1.2 Drawbacks of current solutions
Existing solutions do not fulfill the goal we described, and are inadequately prepared to meet the requirements mentioned above.
Most Volunteer Computing systems have a centralized architecture, with communication going through a single server. There are few exceptions and they were created with a smaller scope or environment in mind . In BOINC , XtremWeb  and Folding@home , the server or coordinator must fulfill the role of job scheduler, by handling task distribution and result validation.
Current VC systems (not DG) are limited to bag-of-task applications since this architecture creates too much overhead on the server, when considering more complex data distribution or storage. Existing projects such as Climateprediction.net and MilkyWay@home have encountered problems when dealing with large files or having the same data shared by many clients . Although some potential solutions have been proposed [12, 13], they have not been deployed in the most widely used systems.
Fault tolerance is strictly confined to the client-side in current VC systems. Although some projects do have a set of mirrors that act as data repositories, all client requests and task scheduling goes through the central server. Therefore, any server fault that prevents it from communicating with clients has a very high probability of disrupting clients and stopping further task execution.
Finally, a considerable limitation of existing VC systems is their focus on bag-of-tasks applications, with little or no communication and without dependencies between the tasks. None of the current platforms support MapReduce, a widely used programming model that adapts well to a data-intensive class of applications. Supporting MapReduce requires fundamental changes on existing algorithms, and the introduction of on-the-fly task creation. This is currently not available on any present system.

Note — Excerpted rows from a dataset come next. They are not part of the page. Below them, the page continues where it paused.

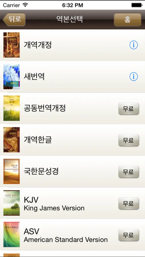 성경전서 개역개정판, 공동번역성서 개정판, 성경전서 새번역, 성경전서 개역한글판, 성경전서 국한문(한글병기) 국내 최초로 국한문 성경을 모바일에 탑재.
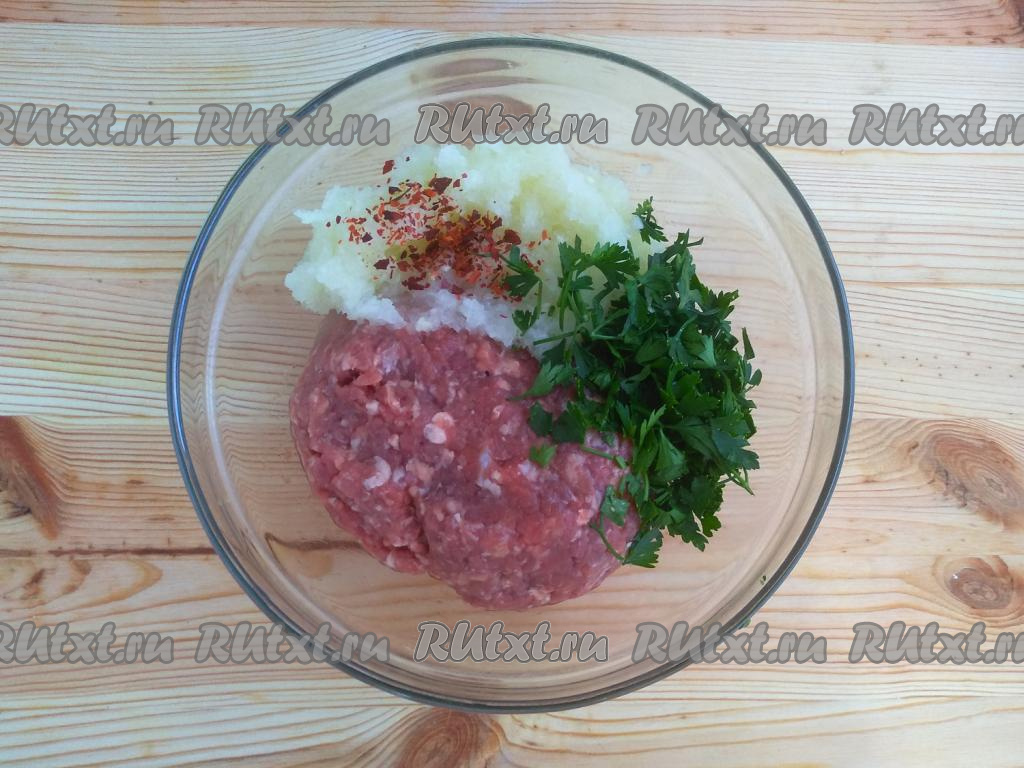 В отдельную миску выложить фарш, добавить мелко нарезанную петрушку, перекрученную через блендер луково-чесночную массу и дроблёный томат (по желанию), посолить, поперчить и тщательно перемешать фарш.
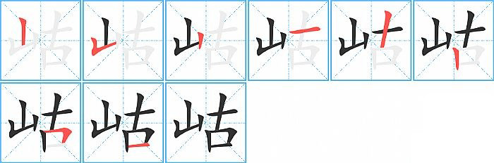 岵的笔画为8画, 笔顺为

In this paper we present VMR, a VC system that is able to execute MapReduce tasks over the large scale Internet, on top of volunteer resources. Our system is compatible with existing solutions (in particular BOINC). VMR is able to decentralize the existing architecture, by using client to client transfers, and minimizing the volume of data sent through the server. This also allows VMR to tolerate transient server failures, as the clients depend merely on other peers for data. It is also capable of tolerating VC clients’ failure by using replication (i.e. running the same task on several VC machines). By increasing the replication factor, the probability of a failure of all clients running a certain task is lowered. Finally, byzantine behavior is controlled through the use of task validation in the server. By replicating each task at least twice, it is possible to compare the outcome and accept only the results in which a quorum has been reached.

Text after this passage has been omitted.